**Data block**
____
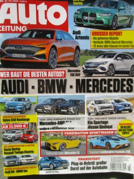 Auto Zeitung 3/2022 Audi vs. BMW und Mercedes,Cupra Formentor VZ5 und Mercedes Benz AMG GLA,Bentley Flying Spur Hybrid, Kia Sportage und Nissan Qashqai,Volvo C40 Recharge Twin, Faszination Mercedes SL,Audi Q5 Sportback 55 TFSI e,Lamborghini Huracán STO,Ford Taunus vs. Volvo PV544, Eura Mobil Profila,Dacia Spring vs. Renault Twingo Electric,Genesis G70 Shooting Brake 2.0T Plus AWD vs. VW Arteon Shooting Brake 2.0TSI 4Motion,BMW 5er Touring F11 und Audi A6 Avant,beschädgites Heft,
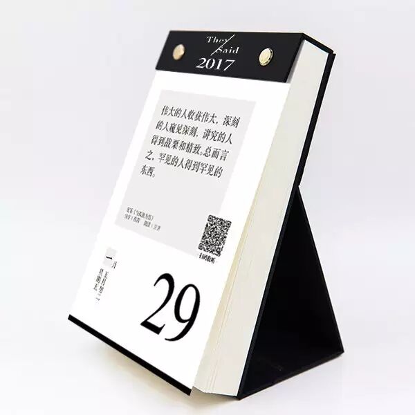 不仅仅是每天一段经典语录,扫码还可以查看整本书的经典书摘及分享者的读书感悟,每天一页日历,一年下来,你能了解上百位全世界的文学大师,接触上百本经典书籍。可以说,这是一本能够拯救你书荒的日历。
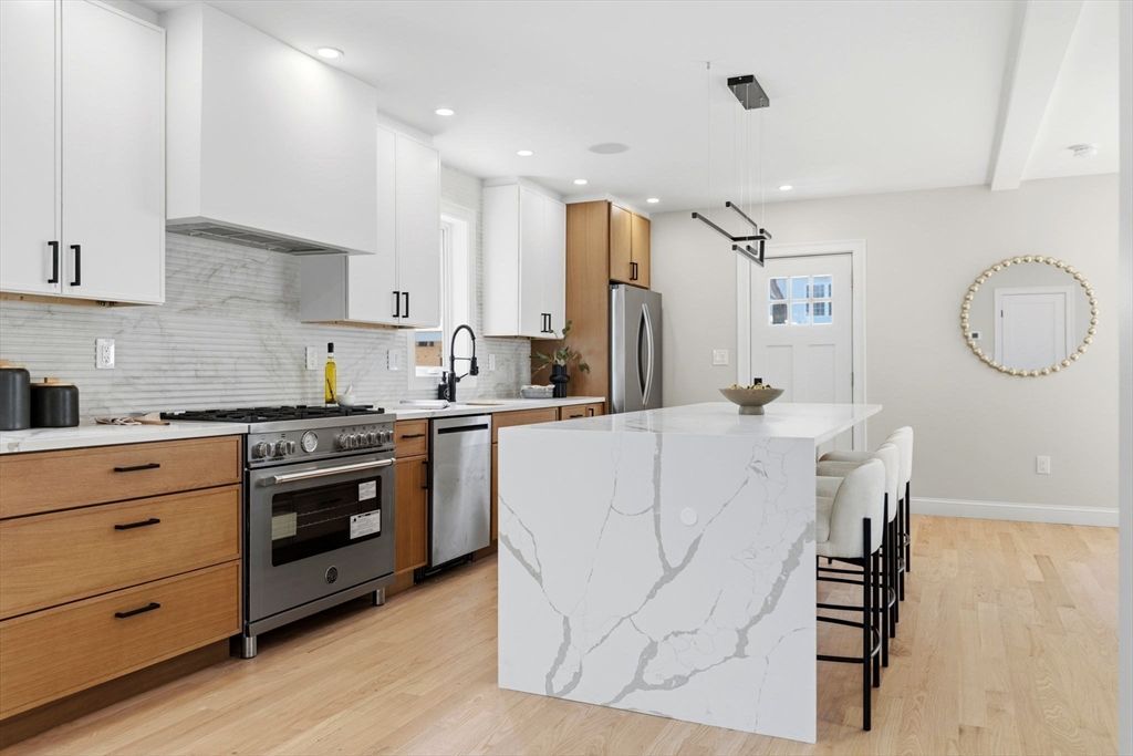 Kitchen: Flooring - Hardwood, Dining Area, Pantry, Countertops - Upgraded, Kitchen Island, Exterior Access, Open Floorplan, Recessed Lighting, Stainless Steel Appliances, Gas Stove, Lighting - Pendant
____
Print the entire listing above verbatim. No picture should be included.

 Auto Zeitung 3/2022 Audi vs. BMW und Mercedes,Cupra Formentor VZ5 und Mercedes Benz AMG GLA,Bentley Flying Spur Hybrid, Kia Sportage und Nissan Qashqai,Volvo C40 Recharge Twin, Faszination Mercedes SL,Audi Q5 Sportback 55 TFSI e,Lamborghini Huracán STO,Ford Taunus vs. Volvo PV544, Eura Mobil Profila,Dacia Spring vs. Renault Twingo Electric,Genesis G70 Shooting Brake 2.0T Plus AWD vs. VW Arteon Shooting Brake 2.0TSI 4Motion,BMW 5er Touring F11 und Audi A6 Avant,beschädgites Heft,
 不仅仅是每天一段经典语录,扫码还可以查看整本书的经典书摘及分享者的读书感悟,每天一页日历,一年下来,你能了解上百位全世界的文学大师,接触上百本经典书籍。可以说,这是一本能够拯救你书荒的日历。
 Kitchen: Flooring - Hardwood, Dining Area, Pantry, Countertops - Upgraded, Kitchen Island, Exterior Access, Open Floorplan, Recessed Lighting, Stainless Steel Appliances, Gas Stove, Lighting - Pendant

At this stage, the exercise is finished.